Performance and Unsplash Availability Update

We've been battling some major issues with the performance and reliability of the Unsplash API over the past month, which has resulted in slower responses, increased 500s, and at one point the need to take the API completely offline for thirty minutes — something we've never done in the 2 years that the Unsplash API has been running.

These problems have effected unsplash.com, our official applications like Unsplash Instant, and thousands of 3rd party applications.

Needless to say, there is no one more disappointed (and stressed) than our backend team. They take the API's uptime and performance extremely seriously, and they've been working tirelessly the past month to identify and overhaul problem areas in the API.

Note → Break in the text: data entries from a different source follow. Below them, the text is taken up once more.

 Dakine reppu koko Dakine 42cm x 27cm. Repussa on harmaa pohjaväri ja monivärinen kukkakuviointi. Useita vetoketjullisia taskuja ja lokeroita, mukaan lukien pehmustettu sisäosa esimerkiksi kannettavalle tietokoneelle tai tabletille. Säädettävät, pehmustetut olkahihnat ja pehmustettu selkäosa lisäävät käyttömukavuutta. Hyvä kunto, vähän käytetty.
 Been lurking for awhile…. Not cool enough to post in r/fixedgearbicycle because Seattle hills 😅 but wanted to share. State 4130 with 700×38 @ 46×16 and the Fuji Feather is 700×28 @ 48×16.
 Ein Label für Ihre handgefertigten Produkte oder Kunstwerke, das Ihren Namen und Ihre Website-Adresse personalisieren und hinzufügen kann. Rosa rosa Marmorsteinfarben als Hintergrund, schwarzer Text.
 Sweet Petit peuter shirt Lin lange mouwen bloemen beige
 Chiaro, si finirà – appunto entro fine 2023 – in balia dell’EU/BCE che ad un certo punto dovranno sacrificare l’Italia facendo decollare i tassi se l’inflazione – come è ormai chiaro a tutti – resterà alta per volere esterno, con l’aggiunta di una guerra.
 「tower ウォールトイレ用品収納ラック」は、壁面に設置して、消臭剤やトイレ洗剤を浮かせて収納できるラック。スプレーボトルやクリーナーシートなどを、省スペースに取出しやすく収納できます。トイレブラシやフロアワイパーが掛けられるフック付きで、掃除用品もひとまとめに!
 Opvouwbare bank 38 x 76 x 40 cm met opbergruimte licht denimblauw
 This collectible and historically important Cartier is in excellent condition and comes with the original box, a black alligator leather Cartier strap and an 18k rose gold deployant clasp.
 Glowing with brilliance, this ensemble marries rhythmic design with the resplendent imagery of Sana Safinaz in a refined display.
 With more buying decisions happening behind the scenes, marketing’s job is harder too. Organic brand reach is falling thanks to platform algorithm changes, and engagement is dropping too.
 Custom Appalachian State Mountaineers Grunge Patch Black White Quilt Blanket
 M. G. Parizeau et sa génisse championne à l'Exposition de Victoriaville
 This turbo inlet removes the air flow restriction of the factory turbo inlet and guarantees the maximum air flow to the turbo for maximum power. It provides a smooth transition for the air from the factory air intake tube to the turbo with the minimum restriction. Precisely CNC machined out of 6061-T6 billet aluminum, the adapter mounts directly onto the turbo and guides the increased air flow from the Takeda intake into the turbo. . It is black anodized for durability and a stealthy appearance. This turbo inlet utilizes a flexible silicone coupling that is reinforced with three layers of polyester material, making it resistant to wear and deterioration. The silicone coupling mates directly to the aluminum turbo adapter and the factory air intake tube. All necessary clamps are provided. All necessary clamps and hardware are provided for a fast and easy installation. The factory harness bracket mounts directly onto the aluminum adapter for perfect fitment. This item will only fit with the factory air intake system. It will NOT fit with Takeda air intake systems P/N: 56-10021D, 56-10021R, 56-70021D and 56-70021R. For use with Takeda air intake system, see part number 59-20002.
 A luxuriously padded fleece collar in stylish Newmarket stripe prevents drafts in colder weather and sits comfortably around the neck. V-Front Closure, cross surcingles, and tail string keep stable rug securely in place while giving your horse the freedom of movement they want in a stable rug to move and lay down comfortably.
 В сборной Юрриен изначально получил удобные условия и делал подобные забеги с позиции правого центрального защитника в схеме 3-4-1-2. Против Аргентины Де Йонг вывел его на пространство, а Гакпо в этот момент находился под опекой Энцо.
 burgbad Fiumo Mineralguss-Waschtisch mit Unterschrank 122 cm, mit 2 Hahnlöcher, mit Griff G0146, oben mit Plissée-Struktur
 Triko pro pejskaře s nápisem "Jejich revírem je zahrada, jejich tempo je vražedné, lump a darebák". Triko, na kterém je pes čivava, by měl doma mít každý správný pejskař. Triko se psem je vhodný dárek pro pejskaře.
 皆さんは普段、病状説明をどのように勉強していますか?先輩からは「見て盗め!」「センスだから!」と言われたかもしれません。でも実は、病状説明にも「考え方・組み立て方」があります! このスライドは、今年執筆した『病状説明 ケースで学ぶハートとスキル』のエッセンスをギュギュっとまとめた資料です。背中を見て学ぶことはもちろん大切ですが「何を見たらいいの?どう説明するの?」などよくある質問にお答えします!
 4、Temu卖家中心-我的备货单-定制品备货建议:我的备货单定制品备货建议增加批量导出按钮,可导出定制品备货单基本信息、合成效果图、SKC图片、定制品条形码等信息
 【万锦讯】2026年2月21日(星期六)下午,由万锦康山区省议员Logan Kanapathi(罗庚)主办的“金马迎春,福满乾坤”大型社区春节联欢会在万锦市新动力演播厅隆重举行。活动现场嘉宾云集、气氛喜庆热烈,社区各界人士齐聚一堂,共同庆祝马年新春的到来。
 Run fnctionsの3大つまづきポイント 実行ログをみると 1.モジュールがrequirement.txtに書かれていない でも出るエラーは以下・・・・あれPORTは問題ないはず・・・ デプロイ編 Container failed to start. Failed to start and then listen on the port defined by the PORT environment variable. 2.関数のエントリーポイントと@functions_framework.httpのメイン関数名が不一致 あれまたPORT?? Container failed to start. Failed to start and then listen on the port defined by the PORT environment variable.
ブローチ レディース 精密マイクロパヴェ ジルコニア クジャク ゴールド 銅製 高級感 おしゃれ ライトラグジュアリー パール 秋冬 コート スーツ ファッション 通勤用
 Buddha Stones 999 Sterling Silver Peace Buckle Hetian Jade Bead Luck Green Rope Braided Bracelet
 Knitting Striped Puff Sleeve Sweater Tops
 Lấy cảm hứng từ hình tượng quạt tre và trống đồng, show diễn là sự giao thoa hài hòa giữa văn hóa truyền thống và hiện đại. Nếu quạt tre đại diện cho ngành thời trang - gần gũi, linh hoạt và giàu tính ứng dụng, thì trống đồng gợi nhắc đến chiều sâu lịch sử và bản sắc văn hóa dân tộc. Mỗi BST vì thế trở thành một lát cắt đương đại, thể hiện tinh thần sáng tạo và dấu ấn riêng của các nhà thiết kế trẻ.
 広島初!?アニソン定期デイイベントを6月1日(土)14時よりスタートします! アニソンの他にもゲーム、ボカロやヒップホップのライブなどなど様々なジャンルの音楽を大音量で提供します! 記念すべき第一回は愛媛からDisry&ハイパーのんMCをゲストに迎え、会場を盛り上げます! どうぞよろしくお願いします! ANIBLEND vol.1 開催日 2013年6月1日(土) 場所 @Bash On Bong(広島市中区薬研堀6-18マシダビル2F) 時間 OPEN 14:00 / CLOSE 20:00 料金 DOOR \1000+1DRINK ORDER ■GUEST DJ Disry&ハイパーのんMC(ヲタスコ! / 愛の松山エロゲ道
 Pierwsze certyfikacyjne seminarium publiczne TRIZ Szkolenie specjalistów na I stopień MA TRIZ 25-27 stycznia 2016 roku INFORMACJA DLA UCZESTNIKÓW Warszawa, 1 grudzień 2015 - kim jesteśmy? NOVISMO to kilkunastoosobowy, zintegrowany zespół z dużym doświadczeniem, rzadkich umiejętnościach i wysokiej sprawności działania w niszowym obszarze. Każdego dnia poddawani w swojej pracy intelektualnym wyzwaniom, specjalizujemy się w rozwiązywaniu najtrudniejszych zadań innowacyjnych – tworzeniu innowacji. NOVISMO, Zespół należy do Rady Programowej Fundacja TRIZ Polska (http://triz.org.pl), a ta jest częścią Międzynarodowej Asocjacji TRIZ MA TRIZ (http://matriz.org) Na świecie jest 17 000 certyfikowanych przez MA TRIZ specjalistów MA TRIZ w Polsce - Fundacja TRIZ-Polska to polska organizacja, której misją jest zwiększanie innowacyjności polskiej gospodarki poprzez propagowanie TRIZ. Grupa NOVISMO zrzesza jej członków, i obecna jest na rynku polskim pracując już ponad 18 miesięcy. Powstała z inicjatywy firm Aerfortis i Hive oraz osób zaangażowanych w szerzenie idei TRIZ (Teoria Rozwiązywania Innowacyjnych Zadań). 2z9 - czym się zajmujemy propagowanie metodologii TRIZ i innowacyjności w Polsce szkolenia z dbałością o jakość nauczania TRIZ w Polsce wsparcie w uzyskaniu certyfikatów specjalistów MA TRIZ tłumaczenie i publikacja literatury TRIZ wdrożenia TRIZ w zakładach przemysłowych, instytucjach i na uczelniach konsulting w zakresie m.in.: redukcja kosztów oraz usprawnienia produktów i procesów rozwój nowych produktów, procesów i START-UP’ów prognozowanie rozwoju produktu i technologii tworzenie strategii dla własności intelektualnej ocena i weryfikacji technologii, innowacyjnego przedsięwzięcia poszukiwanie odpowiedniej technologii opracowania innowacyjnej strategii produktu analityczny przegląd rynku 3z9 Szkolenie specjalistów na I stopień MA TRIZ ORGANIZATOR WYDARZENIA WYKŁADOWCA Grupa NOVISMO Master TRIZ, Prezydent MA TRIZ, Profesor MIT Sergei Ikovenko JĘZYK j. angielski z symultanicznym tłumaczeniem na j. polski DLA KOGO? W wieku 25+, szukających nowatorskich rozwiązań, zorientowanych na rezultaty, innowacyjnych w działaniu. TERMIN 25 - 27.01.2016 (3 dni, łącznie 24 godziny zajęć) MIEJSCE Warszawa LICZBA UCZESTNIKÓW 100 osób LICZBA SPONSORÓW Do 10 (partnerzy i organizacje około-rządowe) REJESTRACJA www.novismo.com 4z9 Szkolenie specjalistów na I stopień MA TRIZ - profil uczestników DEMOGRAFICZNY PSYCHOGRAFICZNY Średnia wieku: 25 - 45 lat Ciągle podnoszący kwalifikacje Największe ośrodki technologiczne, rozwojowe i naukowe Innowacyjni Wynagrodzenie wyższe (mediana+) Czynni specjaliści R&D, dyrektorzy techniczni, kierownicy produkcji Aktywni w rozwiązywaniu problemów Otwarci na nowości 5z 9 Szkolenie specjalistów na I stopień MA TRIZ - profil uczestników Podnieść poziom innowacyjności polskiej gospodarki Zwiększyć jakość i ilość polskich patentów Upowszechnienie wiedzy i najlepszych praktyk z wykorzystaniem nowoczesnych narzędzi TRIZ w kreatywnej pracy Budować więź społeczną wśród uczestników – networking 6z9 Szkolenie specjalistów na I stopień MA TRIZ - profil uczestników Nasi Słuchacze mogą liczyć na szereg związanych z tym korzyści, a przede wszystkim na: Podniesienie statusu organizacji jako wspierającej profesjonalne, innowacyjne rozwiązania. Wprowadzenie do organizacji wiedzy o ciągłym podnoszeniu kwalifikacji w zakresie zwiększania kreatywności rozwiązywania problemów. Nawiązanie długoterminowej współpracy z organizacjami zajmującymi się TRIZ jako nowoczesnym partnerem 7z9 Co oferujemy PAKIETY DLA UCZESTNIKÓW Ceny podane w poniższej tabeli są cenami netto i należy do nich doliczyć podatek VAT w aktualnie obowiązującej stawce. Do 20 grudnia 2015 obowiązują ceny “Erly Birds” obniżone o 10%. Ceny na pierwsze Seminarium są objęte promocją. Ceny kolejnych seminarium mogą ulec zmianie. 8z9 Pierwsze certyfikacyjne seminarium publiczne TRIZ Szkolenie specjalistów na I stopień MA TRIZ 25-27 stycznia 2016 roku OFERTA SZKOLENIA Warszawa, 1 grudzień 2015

While we can't promise that these issues are completely resolved, I wanted to share what has happened so far and what we're doing about it.


At the core of it, we've had three challenges come to a head at the same time: new search, stats, and significantly increased traffic.

At the start of the summer, I gave the backend team a challenge to overhaul our search system to reduce the number of empty searches while increasing engagement and accuracy of the system. This became the overhauled search system, which we started rolling out mid-summer. While the new search itself is as performant as the previous version in theory, the number of results being returned heavily increased the stress on the overall system, specifically our Postgres store.

At the same time, our stats system began to show problems as a result of the increased stress. Stats are very heavy to compute and are constantly changing making our caches roll-over fairly often.

Bruno, one of our backend engineers, identified the problem by digging deeper into our caching strategy on the stats themselves. By calculating the stats in the request queue, we were crashing the system when repeated heavy calculations were being calculated on the fly for the same uncached endpoint. Essentially, we'd have multiple cache misses spike at once, and until the cache was written, all of the cache misses would be trying to make the same calculation. This would result in all requests queueing, clogging the system and affecting multiple other endpoints.

687474703a2f2f73686172652e656c63756572766f2e6e65742f53637265656e2d53686f742d323031372d30392d31342d31322d31352d35322e706e67.png

To fix this, we needed to move the stats calculations out of the request queue and only allow cache reads. The simple solution would be to calculate all stats using some sort of repeated CRON job, but the overall size of the stats store would dwarf our caches and result in heavy inefficiencies, as only a portion of the stats ever need to be read.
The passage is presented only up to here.